Глава одиннадцатая. БИТВА КАМНЕЙ
Не говори: «Лошадь не лягнёт —
собака не укусит!»
Шибиргани.
Когда бы конь знал свою силу,
никого бы на спину себе не пустил.
Алаярбек Даниарбек.
На самом деле Энвербей отнюдь не считал себя побёжденным, хотя основное ядро его армии понесло большие потери. По крайней мере, зять халифа ничем внешне не выдавал своих тревог и сомнений. Держался он по-прежнему высокомерно и заносчиво. С басмаческими курбашами обращался, как с мальчишками, повторяя во всеуслышание упрямым, гнусавым голосом: «Воевать не умеете. Дисциплины не знаете. Банда!»

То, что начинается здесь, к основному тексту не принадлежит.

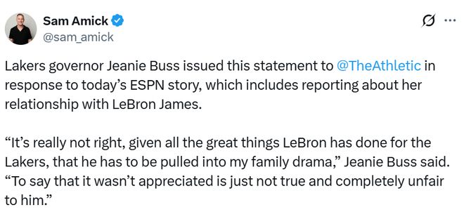 珍妮-巴斯就今日ESPN的相關報道,向The Athletic媒體發布聲明,該報道中包含了關于她與詹姆斯關系的相關內容。珍妮表示:“勒布朗為湖人立下了汗馬功勞,如今卻被卷入我們的家族紛爭,這實在太不應該了。說球隊不感激他的付出,這絕非事實,對他而言也極度不公。”
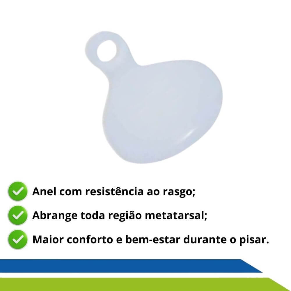 Este produto foi confeccionado com exclusiva fórmula, proporcionado maior durabilidade, Anel com alta resistência ao rasgo. Seu formato ovalado abrange com eficácia toda região metatarsal oferecendo maior conforto, estabilidade e bem-estar durante o pisar. Sua espessura e consistência foram especialmente fabricados para o uso ortopédico. Podendo ser usado em calçados abertos e fechados.
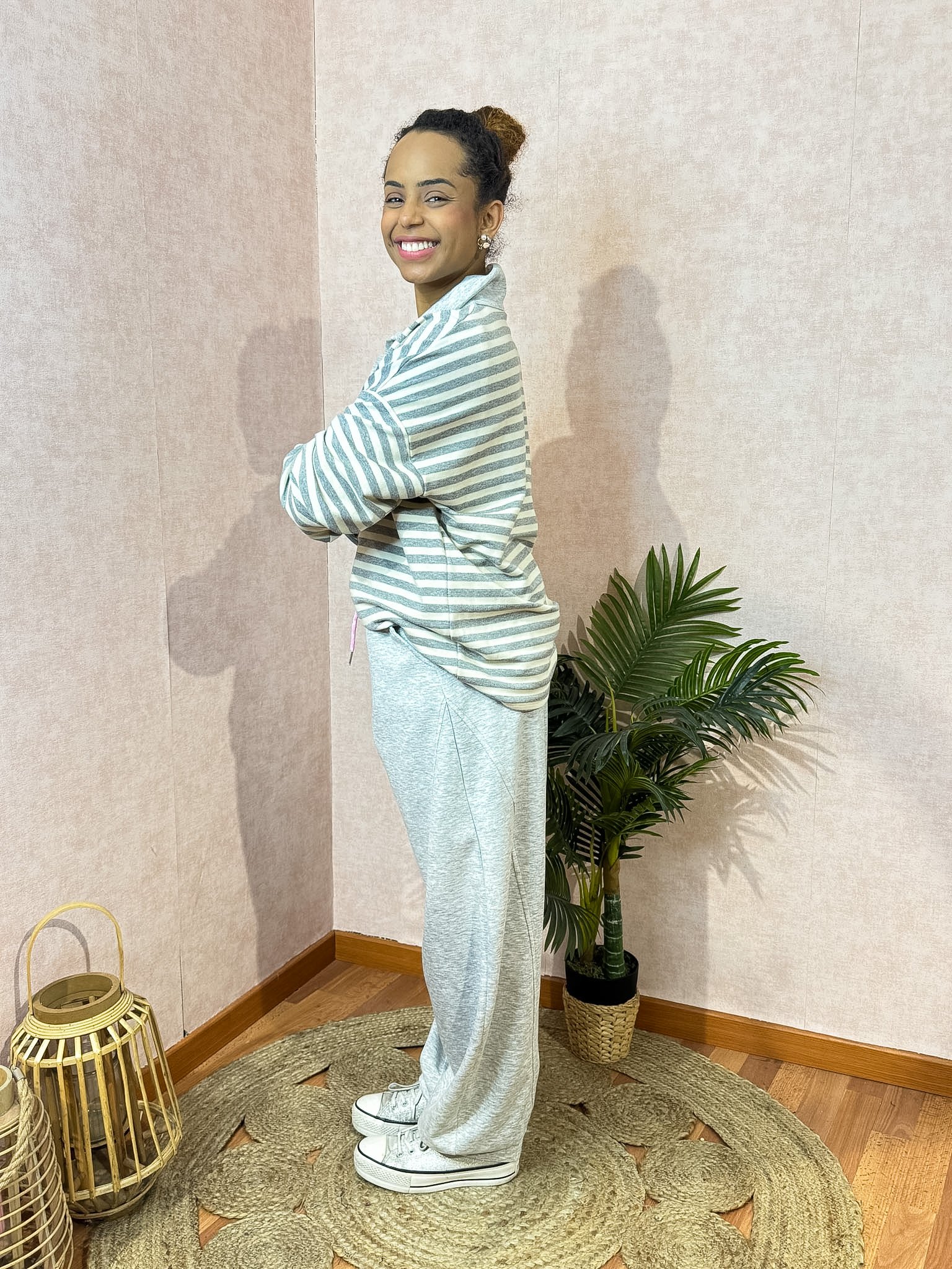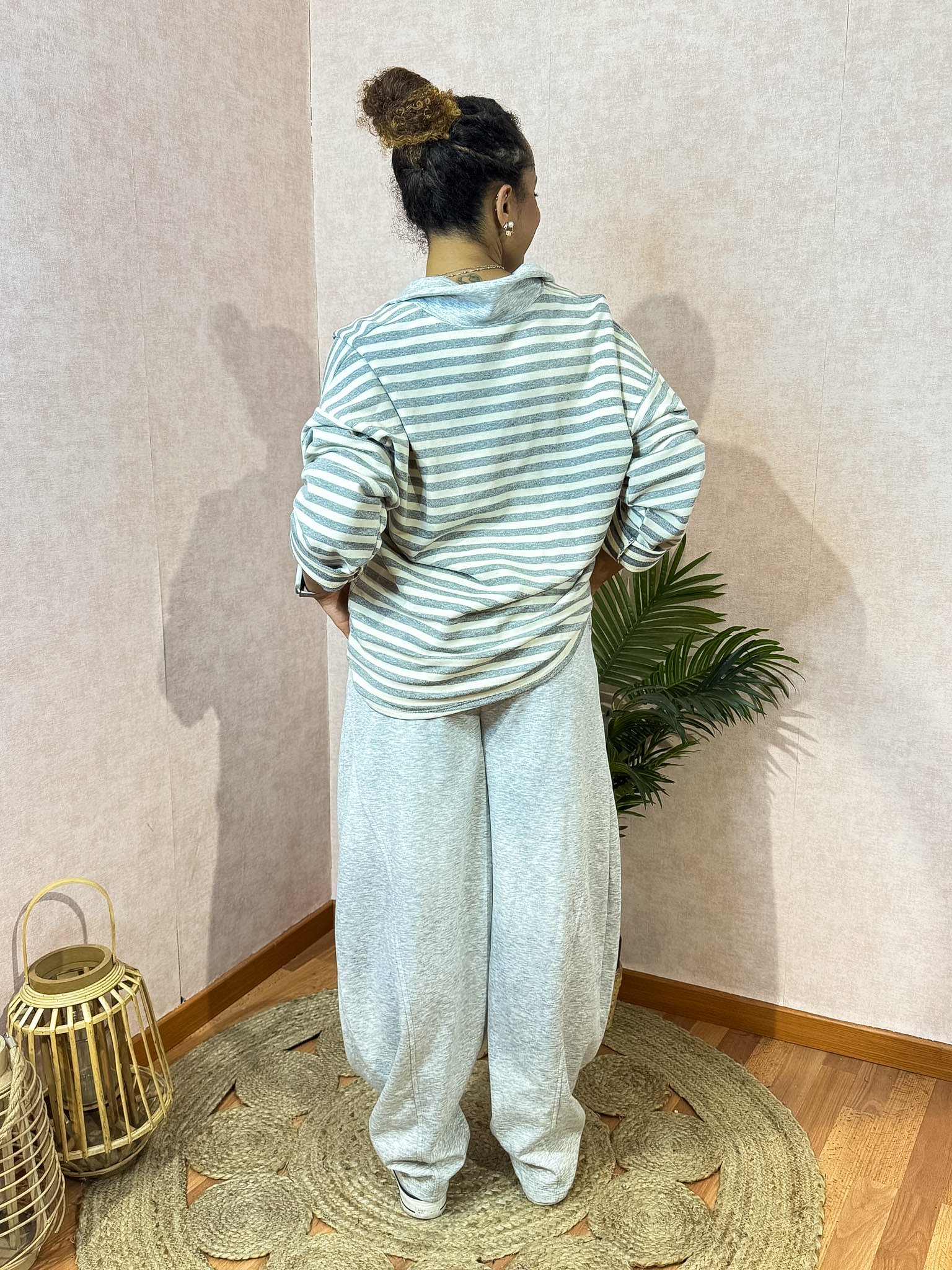 Camisola com risca em felpa com decote pólo e botões, veste oversized. A calça jogger tem perna larga, cós elástico com cordão ajustável e bolsos laterais.
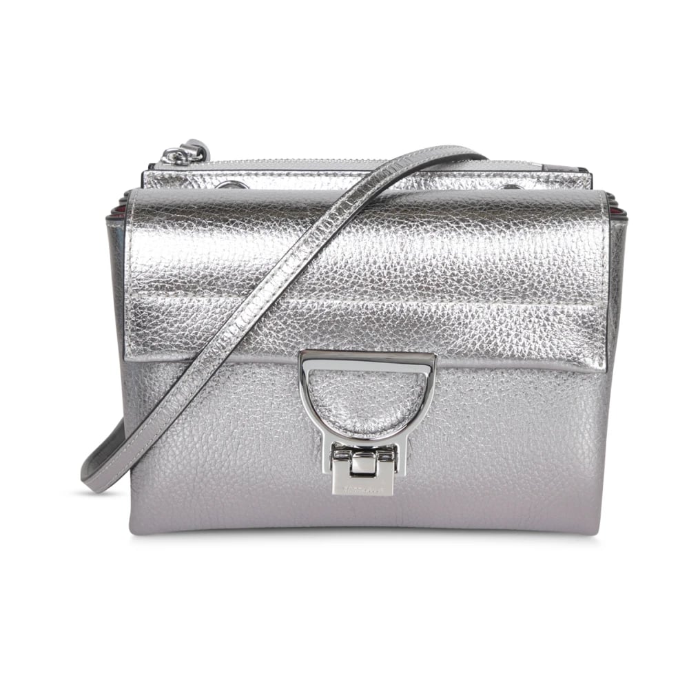 Coccinelle, Väskor , Dam, ONE Size, Läder, Grå Metallic Läder Mini Väska med Spänne
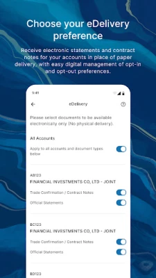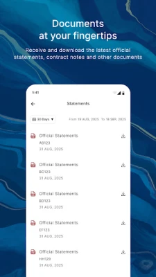 • View and download your monthly statements, trade confirmations, contract notes and other documents made available to you on this application at your convenience.
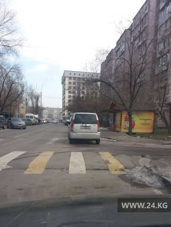 Закрыв проход для горожан, на зебре встал и водитель «Ниссана» на перекрестке Токтогула/Калыка Акиева.«Машина припаркована на проезжей части на проспекте Шабдана Баатыра, 71. Видимо, хозяин после Нового года забыл, где оставил машину», — написал автор фото.
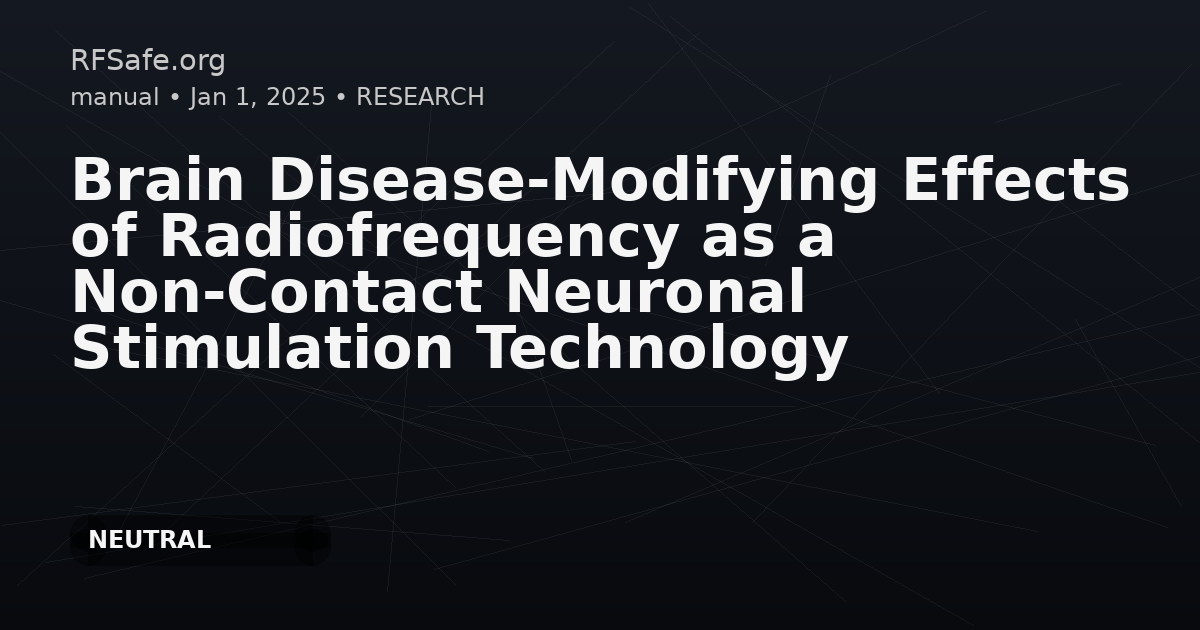 Brain Disease-Modifying Effects of Radiofrequency as a Non-Contact Neuronal Stimulation Technology Sun S, Bok J, Jang Y, Seo H. Brain Disease-Modifying Effects of Radiofrequency as a Non-Contact Neuronal Stimulation Technology. International Journal of Molecular Sciences. 2025; 26(5):2268. doi.org Abstract Non-invasive, non-contact, and painless methods of electrical stimulation to enhance neural function have been widely studied in recent years, particularly in the context of neurodegenerative diseases such as Alzheimer’s disease (AD) and related dementias, which cause cognitive decline and other neurological symptoms. Radiofrequency (RF), which is a rate of oscillation in the range of 3 kHz to 300 GHz (3 THz), has been suggested as one potential non-contact neuronal stimulation (NCNS) technique for improving brain function. A new type of electrical stimulation uses a radiofrequency electromagnetic field (RF- EMF). RF exposure has been shown to modulate neural stimulation and influence various brain activities in in vitro and in vivo models. Recent studies have explored the effects of RF-EMF on human physiology, particularly in areas such as brain activity, cognition, and sleep behavior. In this review, we summarize recent findings about the effects of non-contact stimulations in in vitro studies, in vivo animal models, and human clinical cases. Open access paper: mdpi.com
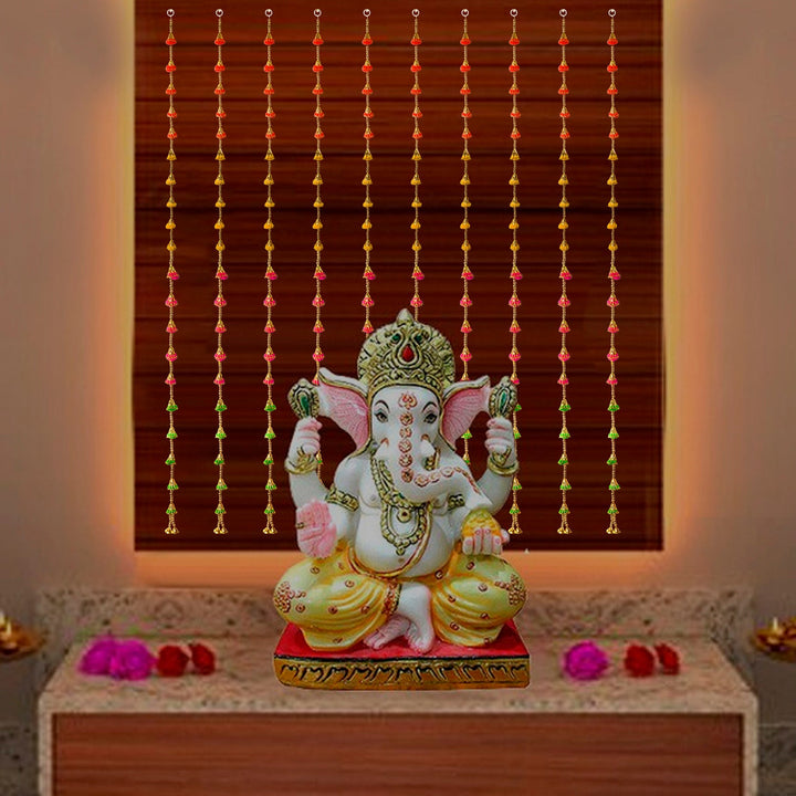 Add a playful and festive charm to your home décor with this Pom Pom Wall Hanging Backdrop featuring decorative bells. Crafted with colorful pom poms and jingling bells, this latkan is perfect for brightening walls, doorways, or windows during festivals, celebrations, and special occasions.
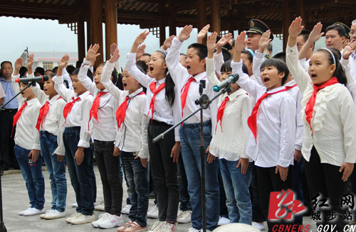 少先队员献唱《我们是共产主义接班人》。
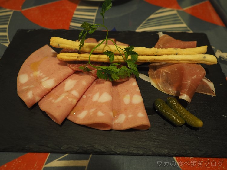 生ハムやサラミ、鴨にモルタデッラ、グリッシーニも
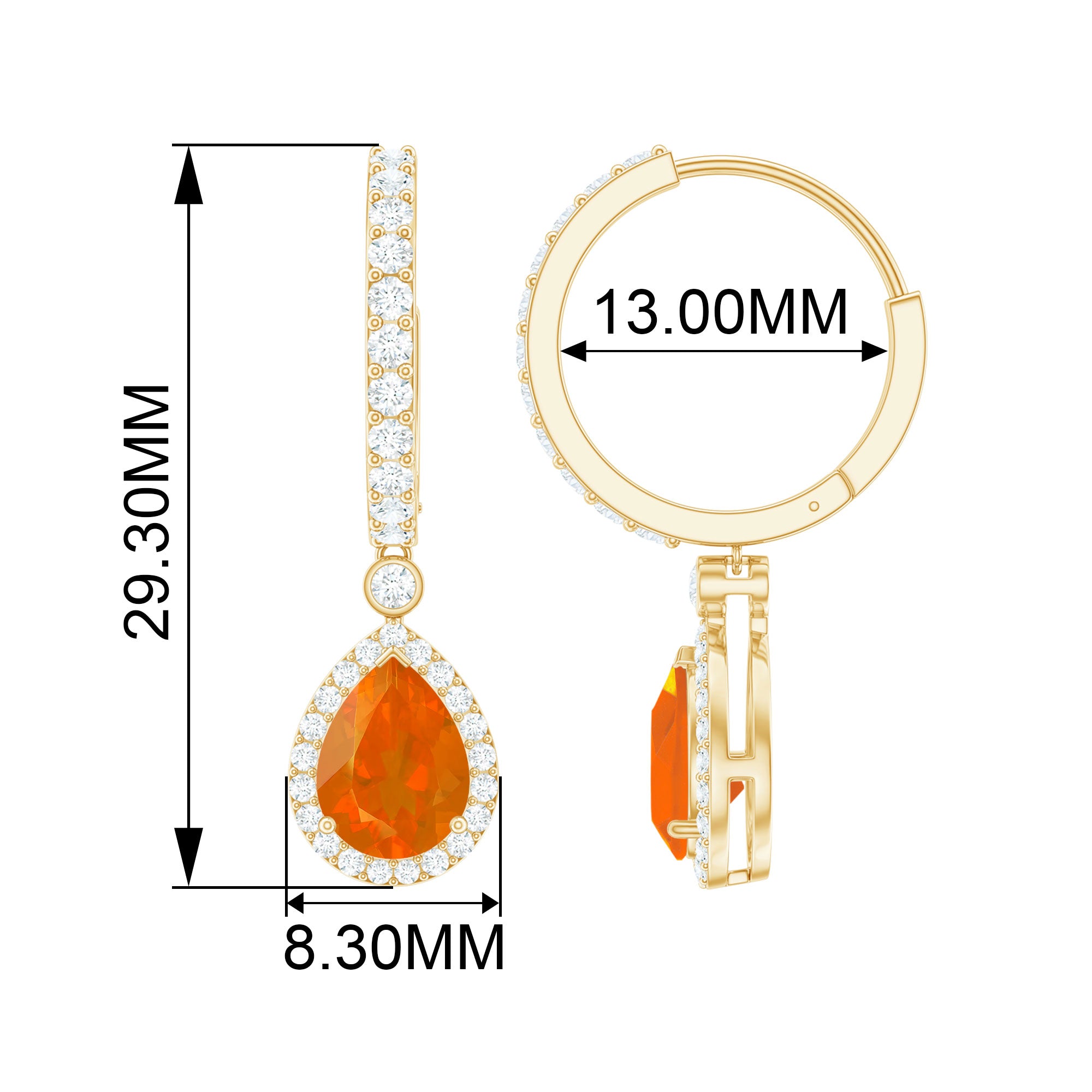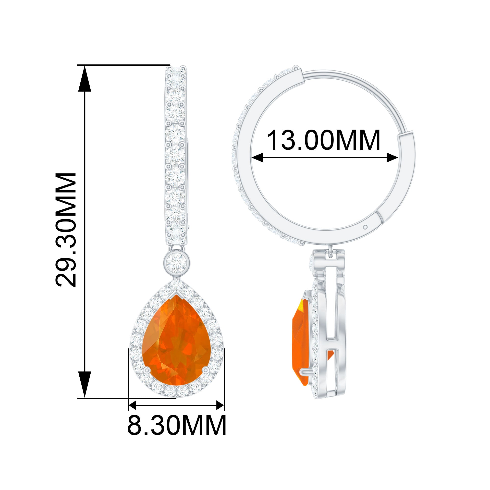 Pear Shaped Fire Opal Hoop Drop Earrings with Moissanite Halo

С разъярённым Фузайлы Максумом у Энвера произошла дикая, истерическая сцена, во время которой оба они вели себя не столько военачальниками, сколько торгашами. Кричали друг на друга, вопили, желчно припоминали старые счеты: какие-то десять винтовок, лошадь буланой масти с белой звёздочкой на лбу. В конце концов Фузайлы Максум совсем осип, зачирикал птичкой и, махнув рукой, ушёл. На глазах у Энвербея он собрал своих изрядно потрёпанных, побитых каратегинцев и увёл их, сыпя проклятиями. Приближённые Энвербея умоляли его, упрашивали послать за Фузайлы Максумом, уговорить его вернуться. Но Энвербей счел ниже своего достоинства просить какого-то горного грабителя, разбойника. «Я его повешу», — заявил Энвербей. В эту же ночь исчезли и матчинцы Рахмана Мингбаши. Сам Рахман Мингбаши сидел за дастарханом с Энвербеем и ужинал, когда кто-то сообщил неприятную новость. Рахман Мингбаши настолько растерялся, что с него слетела вся свойственная ему спесь, и он, оправдываясь, буквально пресмыкался перед Энвербеем, чуть не плача. Позже они проехали вместе в кишлак, где стояли матчинцы, но не обнаружили ни малейших следов отряда. Поразительно, что до сих пор матчинцы ничем не выражали ни своего недовольства, ни сомнений. Всё это были тёмные, одетые в звериные и козьи шкуры и грубую домотканную ткань люди, бороды у них росли прямо из-под скул и не знали ни ножниц, ни бритвы. Головы они брили редко, и поэтому косицы волос выбивались из-под шапок, и неизвестно, где начинались волосы и где кончался мех. Что с них спросишь: водят они у себя в Матче коз, едят лепёшки из тутовых сушёных ягод и даже предписанных исламом омовений от нечистоты не совершают. Безропотностью матчинцы отличались изумительной. Повиновались они своему родовому старейшине Рахману Мингбаши беспрекословно и сражались без страха до последнего вздоха в самых безвыходных обстоятельствах.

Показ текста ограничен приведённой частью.